- _Task brief_:
The result should be an exact copy of only the lines from the one holding "- Natural, Italian" through the last line of the data below, please, without pictures.

- _Information given_:
******
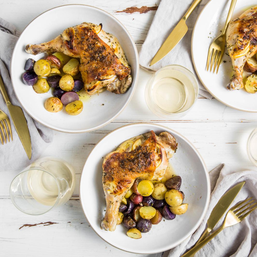 Roasted Chicken and Potatoes with Garlic, Lemon and Herbs from thecafesucrefarine.com Just make sure you add the balsamic vinegar at the right time though, as per the this time of year it's the ideal potato recipe as we hopefully lead into the spring months. Oven roasted chicken with lemon rosemary garlic butter. A gorgeous fall flavored one pan chicken dinner. Serve with some new potatoes, if you like. Everyone has their own recipe for a roast chicken and potatoes and here is mine! The charm of this roast chicken with rosemary and potatoes lies in its simplicity: Meanwhile, mix remaining rosemary, garlic and oil together. And i cannot even talk about the potatoes.
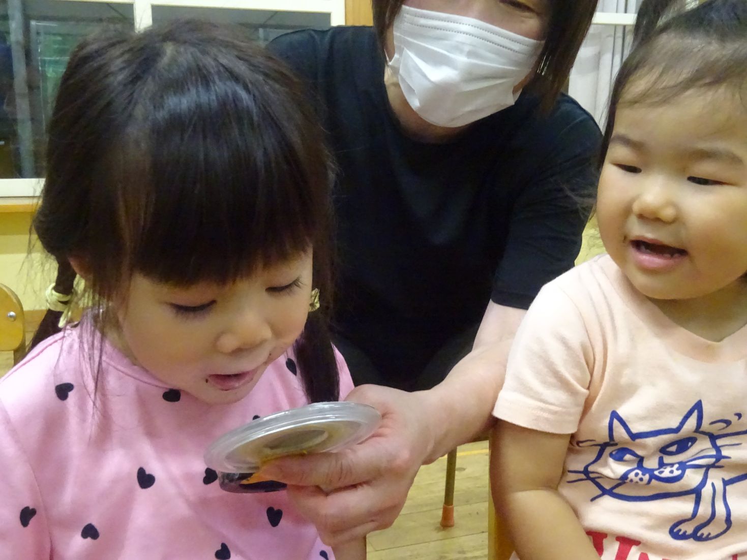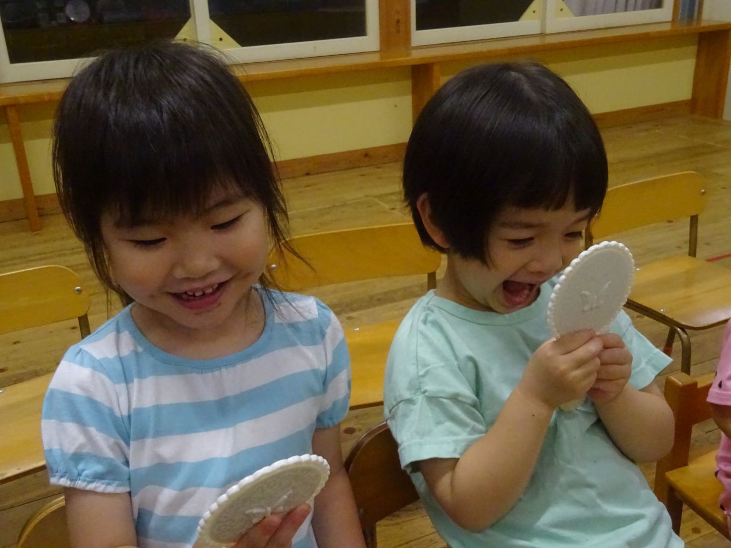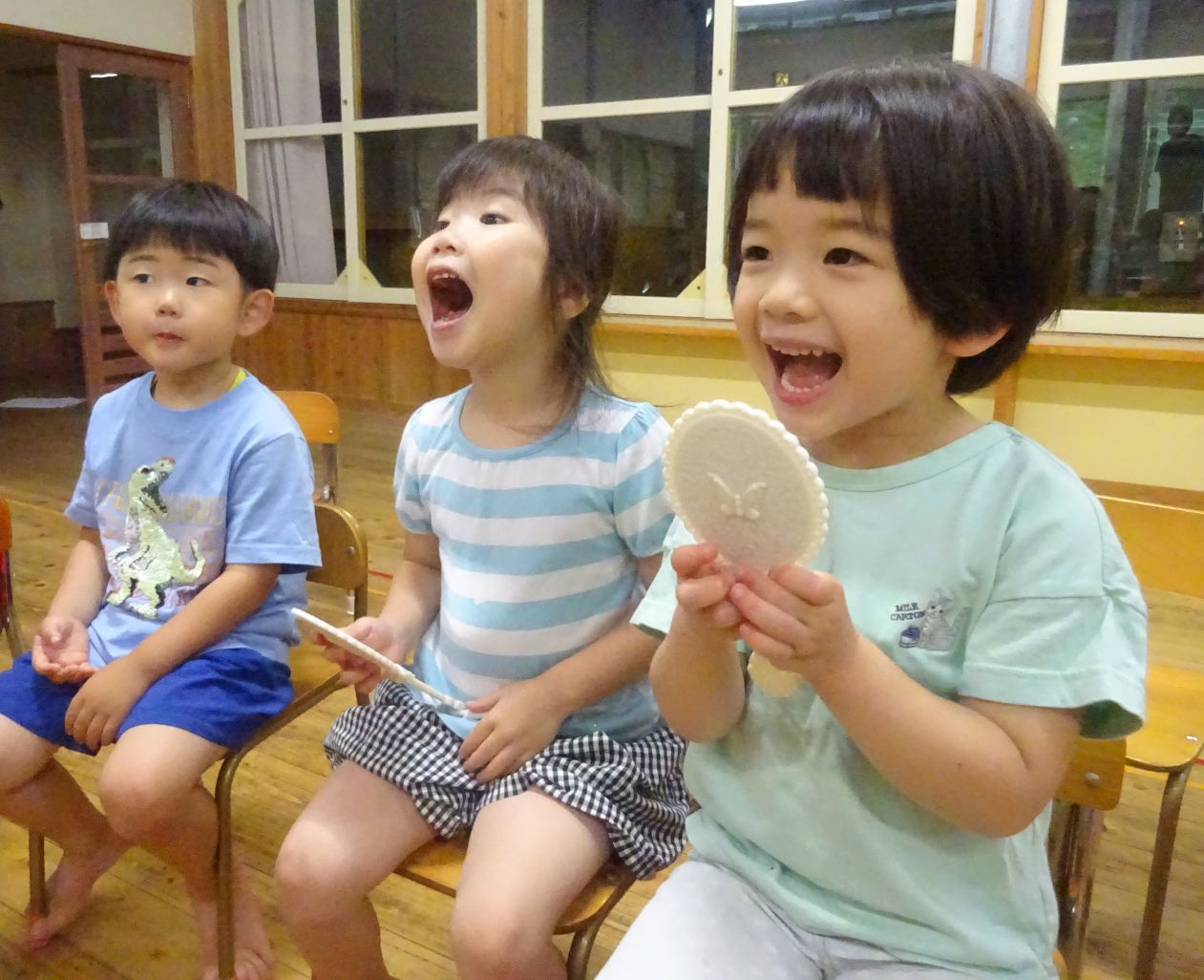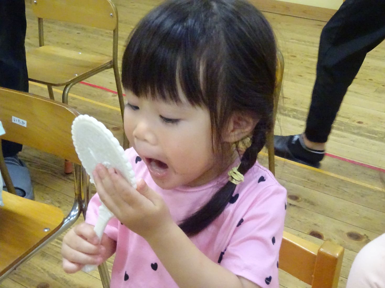 始めに、ビスケットを食べた後の口内を鏡で観察すると「わーくろい」「ばいきんがいるー」とこども達。続いて、胡瓜のスティックをカリカリ…食べた後の口内を観察すると「きれーい」「べろもきれい」と違いに気が付きました。
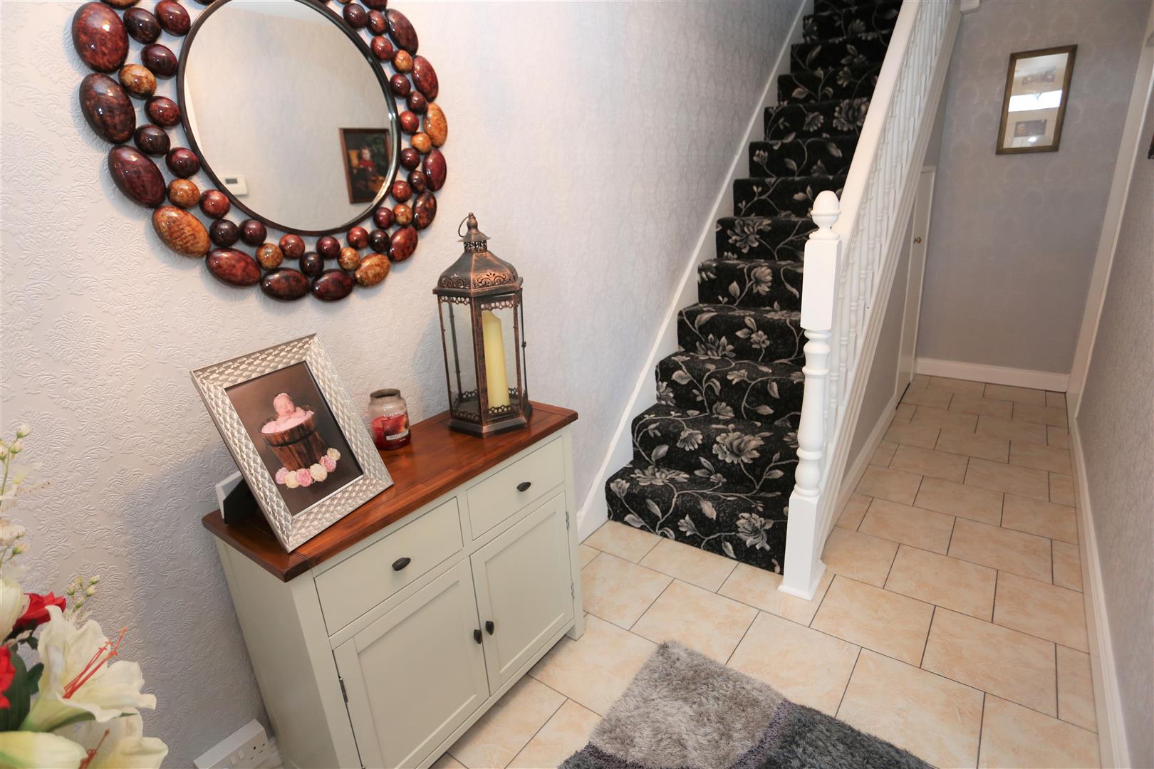 Via PVC door. Tiled flooring. Double panel radiator. Under stair storage. Access to first floor via staircase.
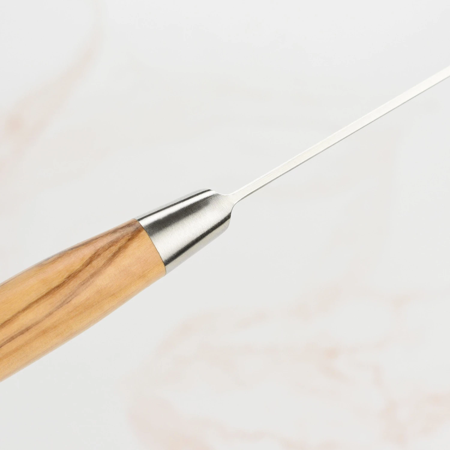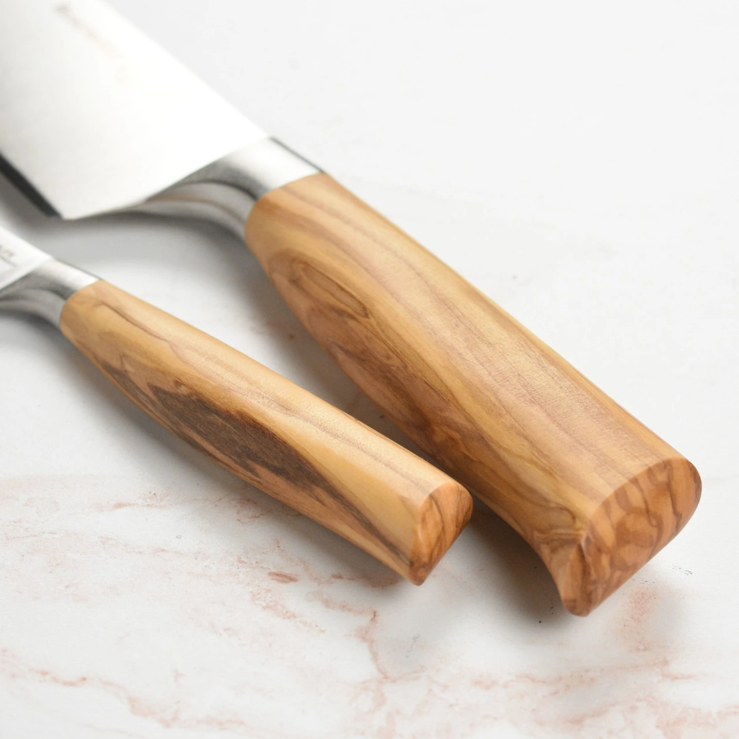 - Natural, Italian olive wood handle provides a secure ergonomic grip with an unsurpassed balance
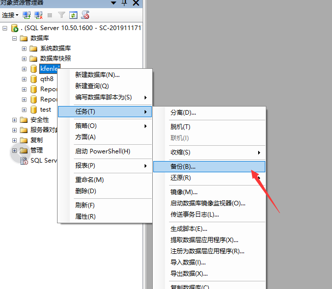 点击数据库,找到要备份的数据库,这里以kfenlei数据库为例
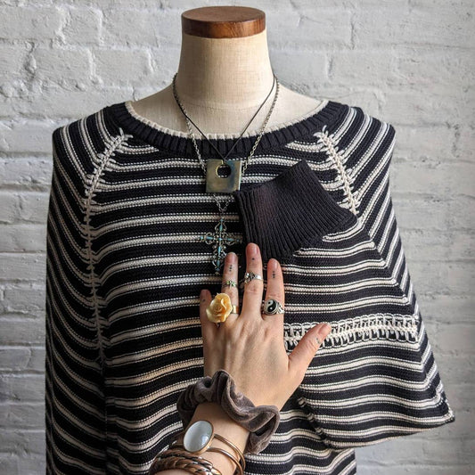 Vintage Chunky Knit Striped Cozy Sweater Minimalist Embroidered Slouchy Y2K Top
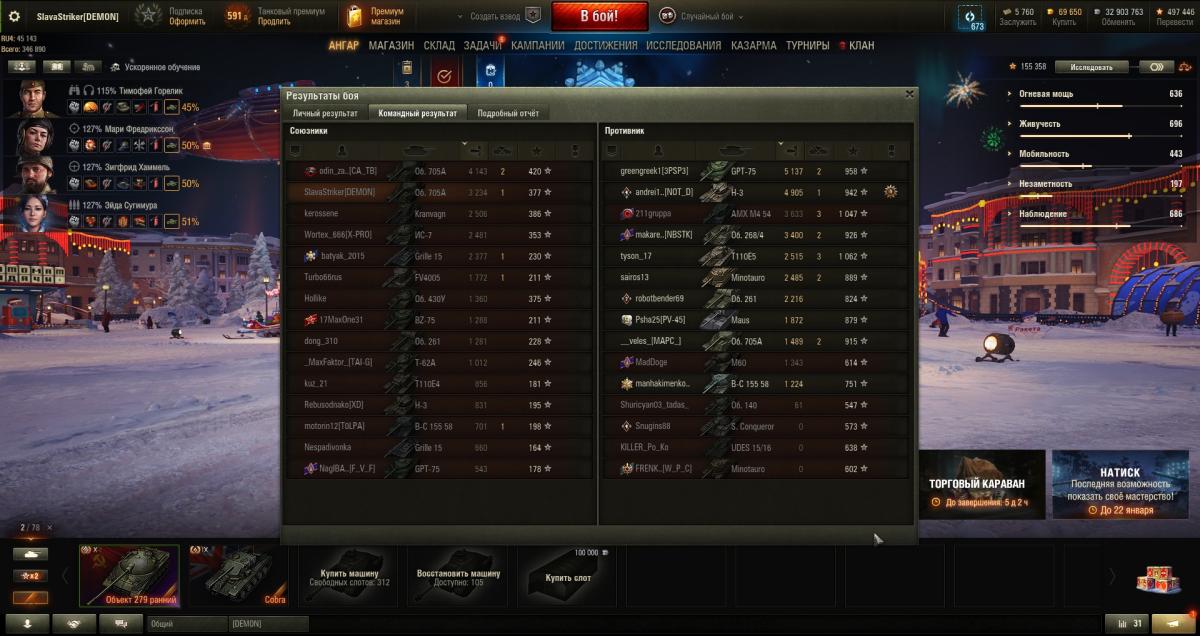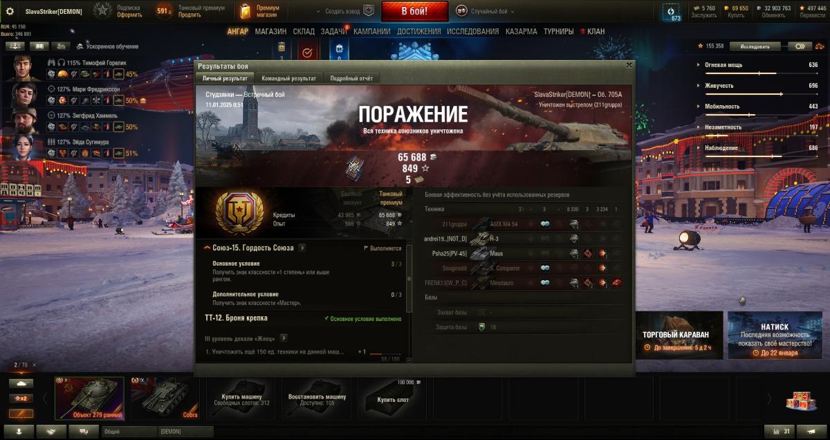 Выполнил ТТ12 на 705А. До этого несколько раз был на грани выполнения задачи, но как назло не хватало всего одной тычки. Оборудка: закалка, турбина, досыл. На чём я её только не пытался делать: Крайслер, Ис-4, Ис-7, Е100, Маус, Тайгер Маус, 60ТП, 279(р), Фаза, Чиф. Но получилось именно на 705А. Повезло, попалась карта Студзянки и упоранты, которые стреляли в мой ромб. Чуть было не сорвалось, осталось совсем немного ХП и на меня приехала Дробь, пытаясь таранить. В самый последний момент в меня пульнул Маус с рикошетом.
******
- _Answer section_:
 - Natural, Italian olive wood handle provides a secure ergonomic grip with an unsurpassed balance
 点击数据库,找到要备份的数据库,这里以kfenlei数据库为例
 Vintage Chunky Knit Striped Cozy Sweater Minimalist Embroidered Slouchy Y2K Top
 Выполнил ТТ12 на 705А. До этого несколько раз был на грани выполнения задачи, но как назло не хватало всего одной тычки. Оборудка: закалка, турбина, досыл. На чём я её только не пытался делать: Крайслер, Ис-4, Ис-7, Е100, Маус, Тайгер Маус, 60ТП, 279(р), Фаза, Чиф. Но получилось именно на 705А. Повезло, попалась карта Студзянки и упоранты, которые стреляли в мой ромб. Чуть было не сорвалось, осталось совсем немного ХП и на меня приехала Дробь, пытаясь таранить. В самый последний момент в меня пульнул Маус с рикошетом.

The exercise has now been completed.